Enacting these recommendations has a major side effect: there is no need to perform computational argumentation. As such, there is no need for the argumentation engine. Instead the user now performs the argumentation themselves using the aggregated and curated information presented by Argudas.
This change helps address the issue of subjectivity, because the user is now able to apply his/her own confidence values and criteria to the decision making process. Furthermore, because the user is able to build his/her own arguments, Argudas becomes a more flexible tool. For example, it is now possible to use Argudas to decide where, and at what level, a gene is expressed.
Implementing these changes results in the second, and current Argudas system (the user interface can be seen in Figure 4). One addition to the advice offered by the expert users is the inclusion of mouse-overs to present extra information. Discrete dots underneath a tick/cross, or column title, indicate that more information is available if the user hovers his/her mouse over the dots. For example, hovering the mouse over the dots in the cell for 'strong - multiple annotations agree' (Figure 4, top table) reveals the experiment(s) that suggest the gene is strongly expressed.
The evaluation of this system, described later, demonstrates that the changes are both appropriate and effective because they allow users to quickly scan the important information.
Future work
This work set out to model expert knowledge and use it to reason with information sources available through the Internet.

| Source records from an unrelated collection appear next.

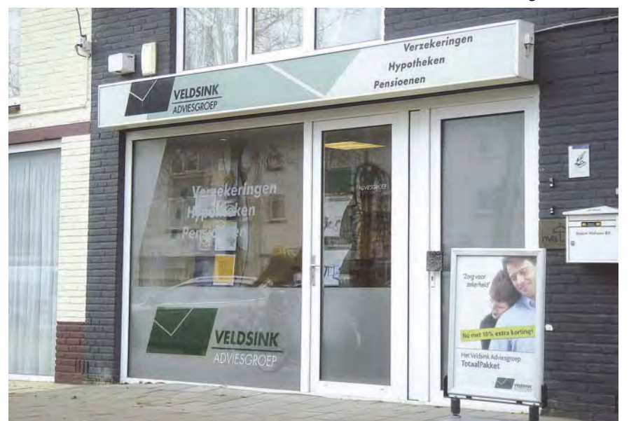
De Veldhovense vestiging van de Veldsink Groep aan de Burg. Van Hoofflaan

Veldsink Groep behoort tot de top 30 van de Nederlandse intermediairbedrijven en gelooft in gezonde regio-kantoren van voldoende omvang. Kantoren die dichtbij de klant staan, de klant kennen en gericht op het advies aan de klant, met ondersteuning van het moederbedrijf en een sterke en efficiënte backoffice-organisatie.
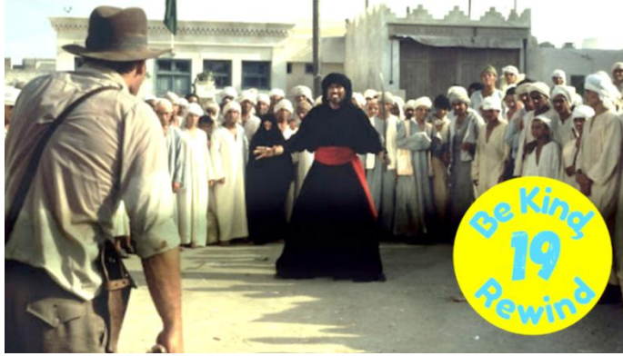
Fotoğraf 2: Kutsal Hazine Avcıları filminden Indiana Jones ile kılıç ustası karşı karşıya

Sinemada ayrımcılık her zaman Bir Ulusun Doğuşu (The Birth of a Nation, 1915, Yönetmen: D. W. Griffith) filmindeki gibi açık bir ırkçılıkla veya Nazi Almanyası'nın İradenin Zaferi (Triumph des Willens, 1935, Yönetmen: Leni Riefenstahl) filmindeki gibi doğrudan bir ideolojik dayatmayla yapılmaz. Modern sinemada asıl tehlike, doğrudan gösterilenden ziyade örtük olandır. Çünkü bu durum izleyicinin zihnine sızan gizli bir kültürel kodlama mekanizması gibi işler.
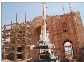
Hadrianus-porten. Den 37 meter breda triumfbågen byggdes år 129 inför kejsarens besök.
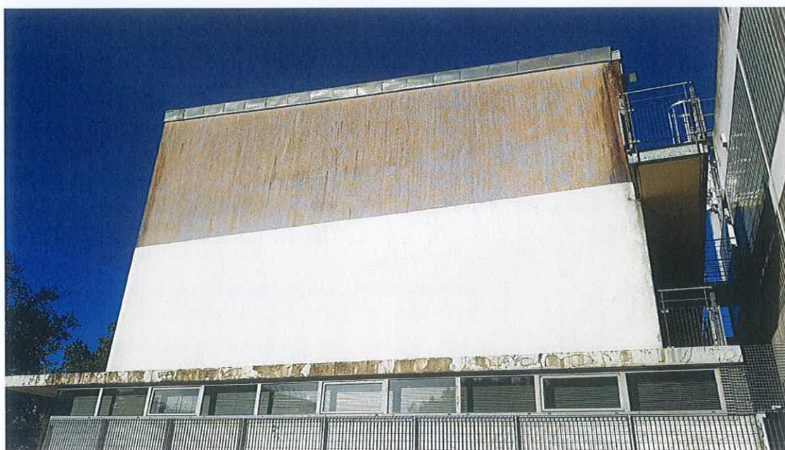
La façade du foyer-club © Christophe Haine (Octobre 2022)
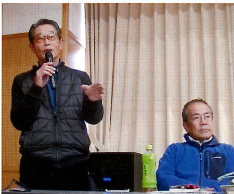
▲会長より今後の作物の分配やおすそわけについて
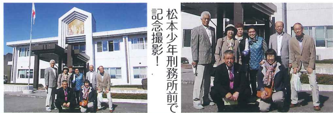
松本少年刑務所前で記念撮影!

保護司とは犯罪や非行のある少年に対し適正な処遇を行い、再び犯罪を起こさないよう改善更正する事を助ける民間のボランティアです。毎年7月に「社会を明るくする運動」を全国で行なっています。その他、保護司会では年2回ほど、刑務所、少年院など施設見学を行なっています。磯子保護司会の会員数は32名で、上笹下地区では2名不足しています。皆様方の更正保護活動にご理解ご協力賜れば幸いです。
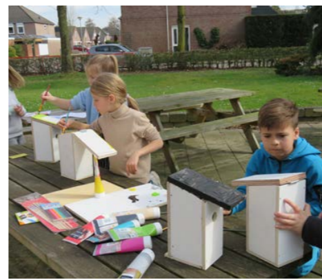
Vogelhuisjes in de maak voor 't voorjaar
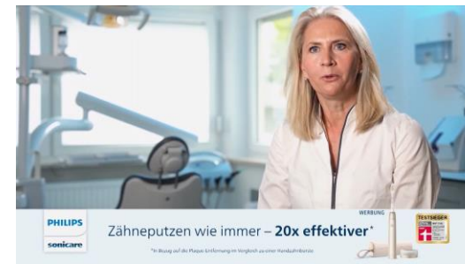
Einsatz einer Gesundheitsexpertin
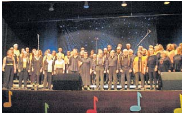
Zum Abschluss des Programms trat noch einmal der Gospelchor „Let it Shine“ mit drei englischen Liedern auf.
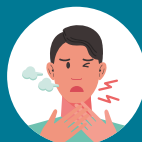
Dificuldade respiratória aguda

Algumas pessoas que estão infectadas podem não apresentar sintomas, mas transmitem o vírus.
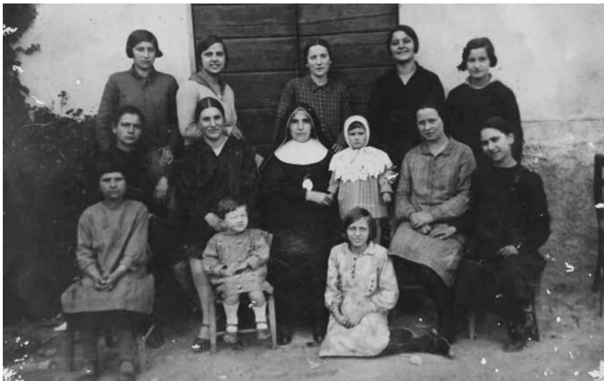
La Scuola di lavoro, anni '20
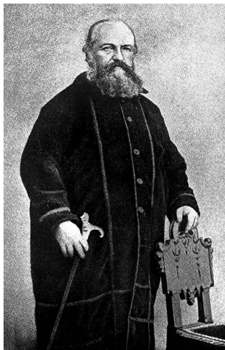
Eliphas Lévi (1810 - 1875)

merken. Außerdem benötigen wir ein hohes Maß an Bescheidenheit, denn wenn sich die ersten Erfolge einstellen, wenn man ein Stück über die allgemeine Unwissenheit hinauswächst, beginnt man auf andere herabzublicken und meint, alles beurteilen zu können.
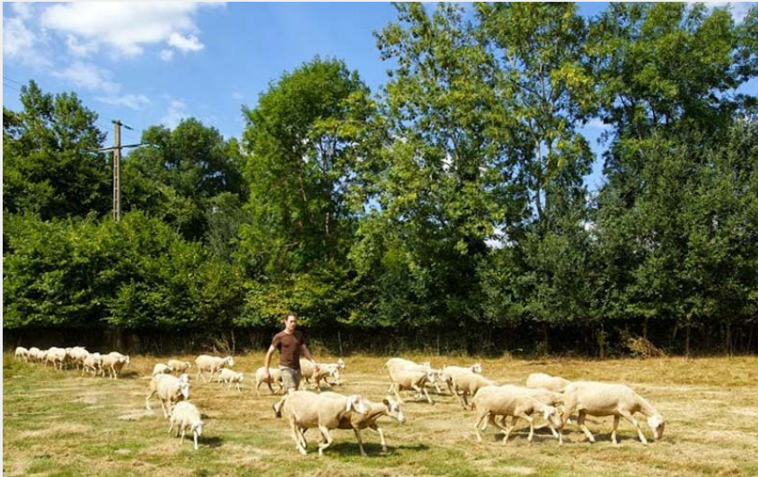
Crédit photo : Brebis d'Ecouves - St Nicolas des Bois (©Brebis d'Ecoves)
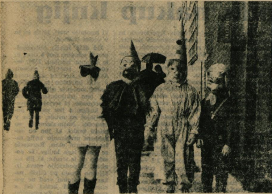
Kljub snežnemu metežu je bil letošnji pust vesel. Sneg tudi najmlajših maškar ni mogel ugnati
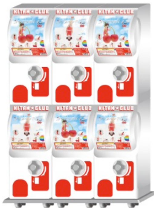
▲カプセル自動販売機イメージ

ストラップでもない、マグネットでもない「フチ」で「遊ぶ」新感覚シチュエーションフィギュア「コップのフチ子」。2012年7月の発売より、SNSを中心に口コミで広がりを見せ大きな話題となり、現在ではシリーズ累計440万を超えている大人気のカプセルトイ。現在では商品化、書籍化、映像化など、あの大人気アニメ「魔法少女まどか☆マギカ」とのキャラクターコラボまで実現し、カプセルトイの枠を遥かに超えた展開をみせている。
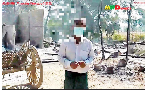
အမျိုးသားတစ်ဦး
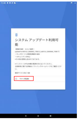
ダウンロード完了後、「今すぐ再起動」を押してください
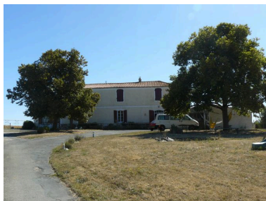
Le logis du Fresne, depuis le nord-ouest.
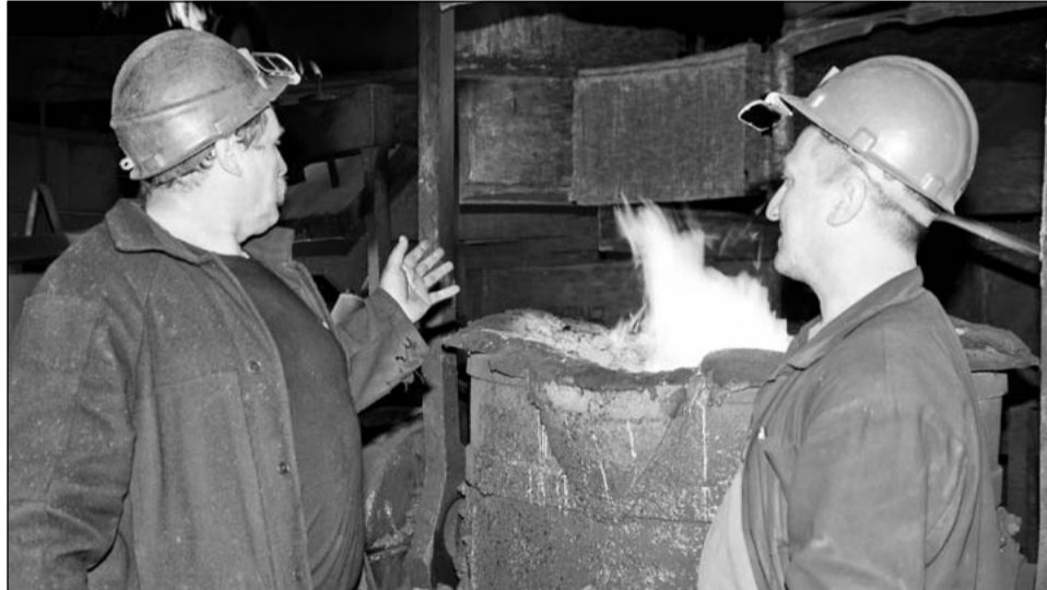
Последние всполохи в печах «Руслича». Конец 2011-го года.

Тогда было возбуждено уголовное дело, состоящее из 488 эпизодов пре-
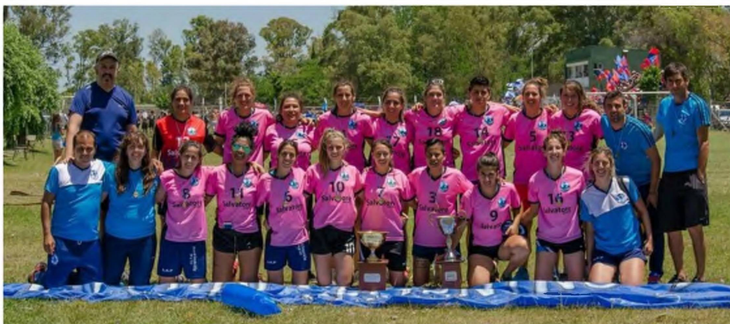
Plantel Las Bonitas - Campeón Nacional Trelew 2017
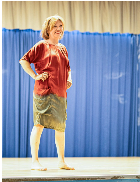
1 Mannequin 1bis 250622.jpg
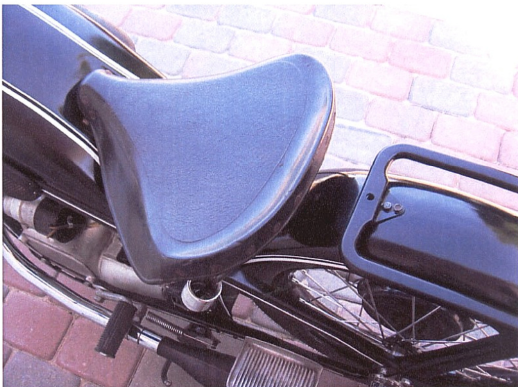
Vaade sõiduki istme(te)le
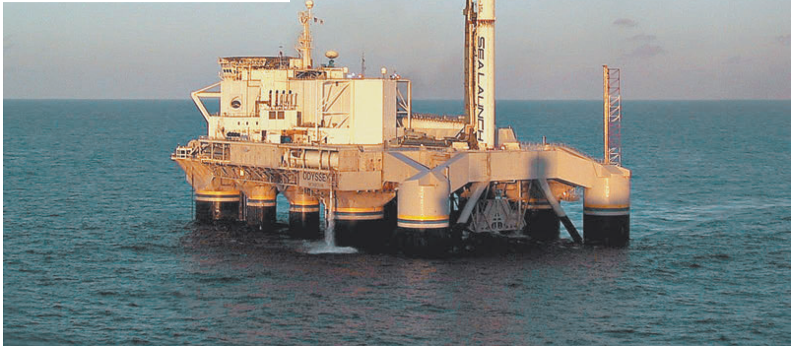
Виталий Лопота уверен, что «Морской старт» не обуза, а достояние страны.
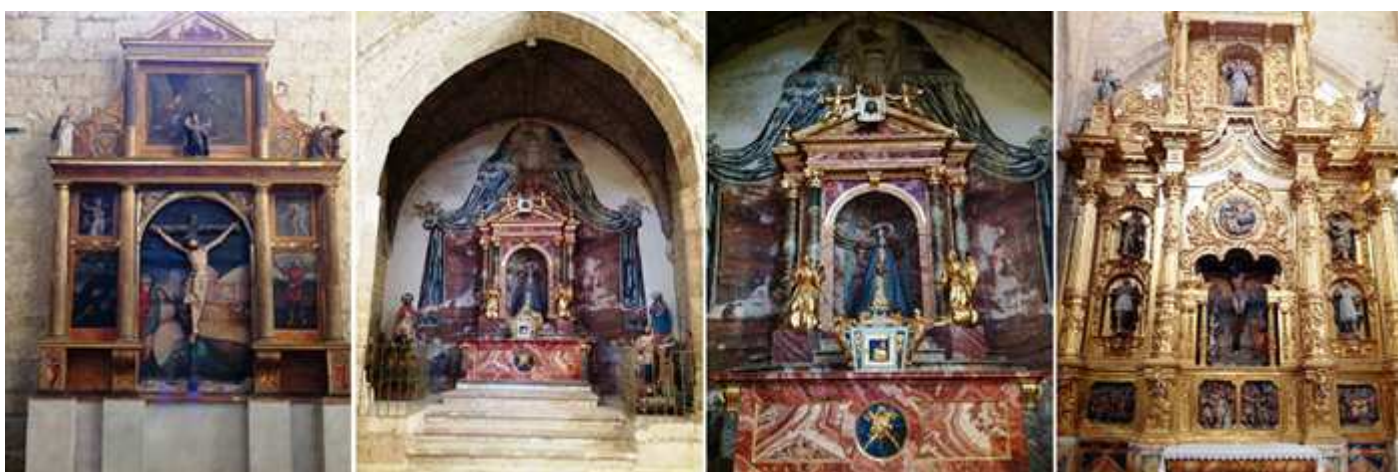
❶ Retablo de tres calles del Cristo de las Batallas, con un Cristo gótico de finales del S. XII o mediados del XIV. Esta imagen estaba en la capilla del antiguo hospital y cuando desapareció este se bajo a esta iglesia. ❷ Capilla con el retablo de la Virgen del rosario elevada con un estrado con escaleras. ❸ Retablo con columnas laterales y un frontis triangular tras el mismo la pared decorada imitando cortinajes y dos ángeles dorados sobre el altar. ❹ Retablo dorado del Calvario de Cristo o Miserere del S. XVI y cuatro santos jesuitas. En la cabecera del brazo derecho del crucero.

En la cabecera del brazo del crucero derecho donde tenía entrada la antigua sacristía esta el retablo del Santo Cristo de fines del S. XVIII.
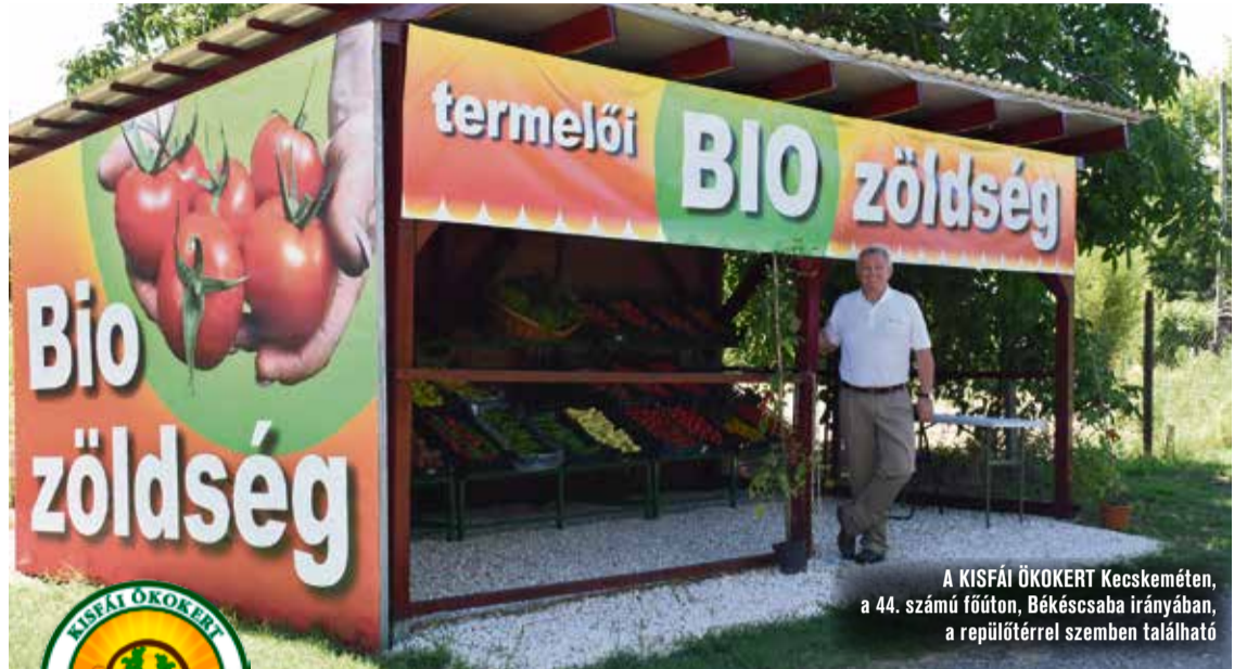
A KISFÁI ÖKOKERT Kecskeméten, a 44. számú főúton, Békéscsaba irányában, a repülőtérrel szemben található

– Szerintem a környezettudatosságra nevelést már az óvodában el kell kezdeni , ezzel együtt az egészségtudatos táplálkozás igényének csiráját is el kell ültetni. A KISFÁI ÖKOKERT nyitottságával újabb lehetőséget szeretnénk teremteni az egészségtudatos fogyasztónak, mindazoknak, akik biozöldséghez szeretnének hozzájutni. Pedagógusoknak is nyitva áll az ajtó. Ugyanakkor a kifizái stand megnyitása azért is nagy jelentőségű, mert egy élő, modern biogazdaság modelljét láthatja az érdeklődő. Itt bárki személyesen meggyőződhet a kémiai növényvédelem teljes körű mellőzéséről és arról, hogy hasznos rovarokkal, rovarcsalogató virágok kombinációjával hogyan termelünk egészséges zöldséget, gyümölcsöt. Azt az élményt szeretnénk visszaadni a fogyasztónak, hogy aki szeretné, az – ha csak egy rövid időre, például egy órára – részese lehessen a termeszési folyamatnak. Ráadásul az ökokertet felkereső – az itt dolgozók kíséretében – kedvére válogathat és szedhet
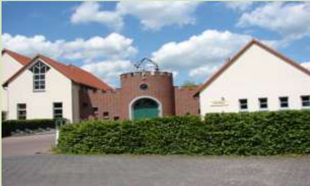
„ KITA Zwergenburg,“
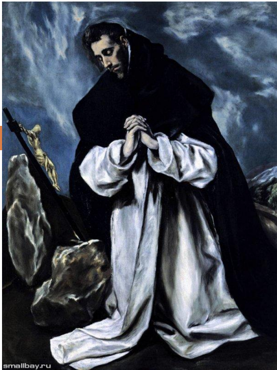
Молитва святого Доминика
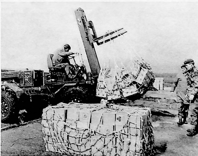
Supplies being prepared for helicopter transportation as 'underslung loads'

The most 'glamorous' course today, because of the Ulster emergency, is the Ammunition Technical Officers Course, which is a 60 week course run at the RAOC's Army School of Ammunition in conjunction with the Royal Military College of Science. This course provides advanced training in all aspects of land service ammunition, explosives, chemical weapons, solid and liquid propellants and the explosive components of guided missiles. After
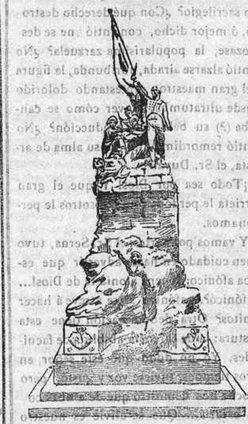
EL MONUMENTO DE SAN PAYO

En el mismo lugar en que los gallegos testimoniaron con torrentes de sangre su heroísmo, inmortalizando el nombre del puente de San Payo, Galicia, ha erigido un monumento que acaba de inaugurarse con motivo del primer centenario de aquel hecho.
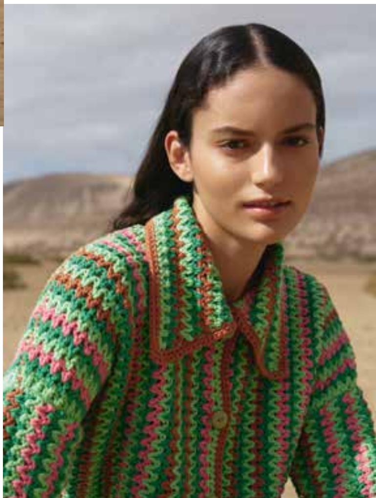
34 · Schicke Hemdjace, quergehäkelt und mit Abschluss in Kontrastfarbe – ORGANICO .
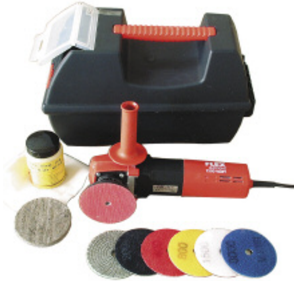
Quick-Set für trockene Schleif- und Polieraufgaben
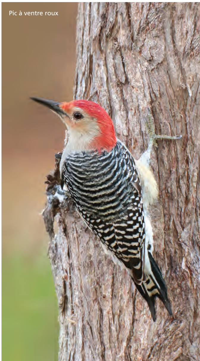
Pic à ventre roux

roux. De l'autre côté de la route 202, le sentier s'étire jusqu'à la 34 e Rue Ouest et permet de découvrir des habitats protégés par Conservation de la nature Canada : une tourbière, une prucheraie et une pinède où la Paruline des pins est bien présente. Au fait, plus d'une vingtaine d'espèces de parulines peuvent être observées sur l'ensemble du territoire, dont plusieurs nicheuses.
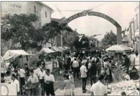
Fira Agrícola de Nules, Setembre de 1962.
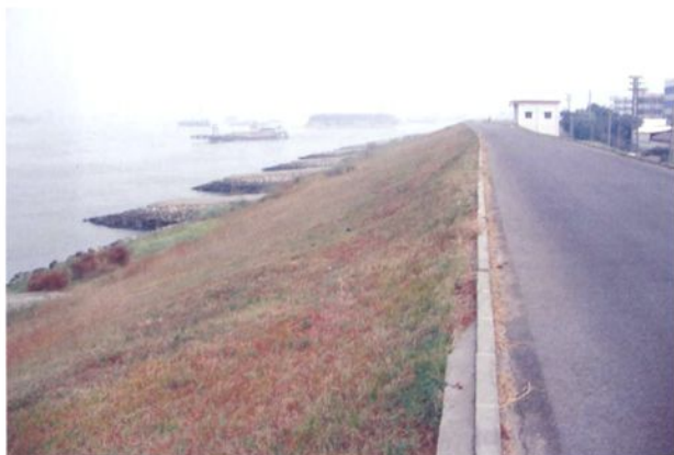
整治加固后的罗格围嘉村段堤围
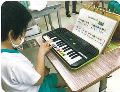
音楽「かえるのがっしょう」

生活に密着した目標や課題に沿って学習を展開しています。実際の体験の中から、生活に必要な知識や技能を身に付けていきます。
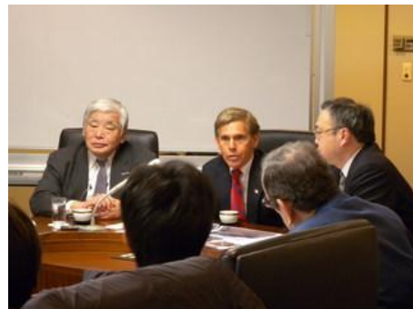
*福島視察後に開かれた記者会見
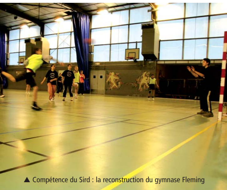
▲ Compétence du Sird : la reconstruction du gymnase Fleming
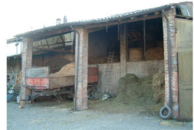
3. Edificio 1a. Fronte nord
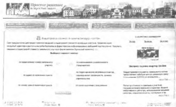
Рис. 1. Главная страница Интернет-ресурса

Как пример рассмотрим поиск по кадастровому номеру (рис. 2, 3):
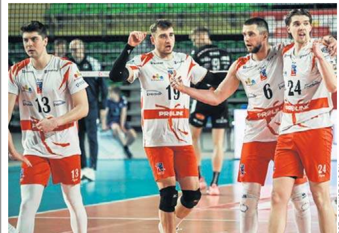
Siatkarze BKS Bydgoszcz mają powody do zadowolenia. Pokonali KPS Siedlce i utrzymali się w PLS 1. Lidze
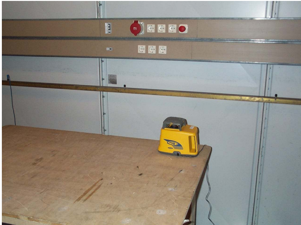
Bild 1. Funkstörspannung am Netzanschluss [conducted noise at mains ports]
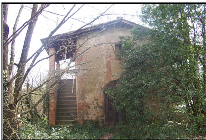
Foto: 07 Data ripresa: 27/03/2006 Edificio: 097/A File: 097-07.JPG
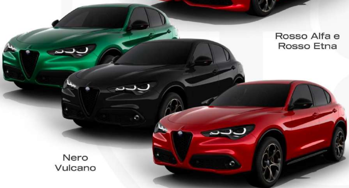
Rosso Alfa e Rosso Etna
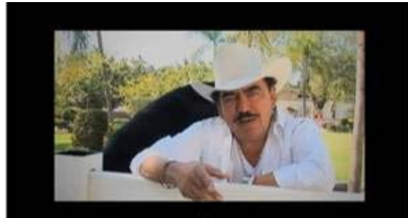
Joan Sebastián: confió en el, por que ha demostrado su capacidad, su entrega.

In the current use case, this appears to be beyond the scope of what a typical end user wishes. However, the current use case is relatively constrained, and thus contained: it focuses on one kind of gene expression information for one model organism. Extending the use case to include different types of biological information, for example gene regulatory networks, makes the use case considerably more complex. As the intricacy of the biological investigation increases, the need for user support likewise increases. Argumentation is one possible support mechanism.
Another avenue for future work relates to CUBIST, Combing and Uniting Business Intelligence with Semantic Technologies, an EU FP7 project that aims to combine the essential features of Semantic Technologies, Business Intelligence, and Visual Analytics. Data from both unstructured and structured sources will be federated within a Business Intelligence enabled triplet store, before visual analysis techniques such as Formal Concept Analysis [38] are applied. One of the project's three use cases involves the gene expression data described in this paper. Although it is early in the life of the CUBIST project, a semantic Extract Transform Load [39] process that includes computational argumentation may be envisioned. The inclusion of argumentation may provide an intelligent transformation of data, and a user-friendly explanation of the transformation.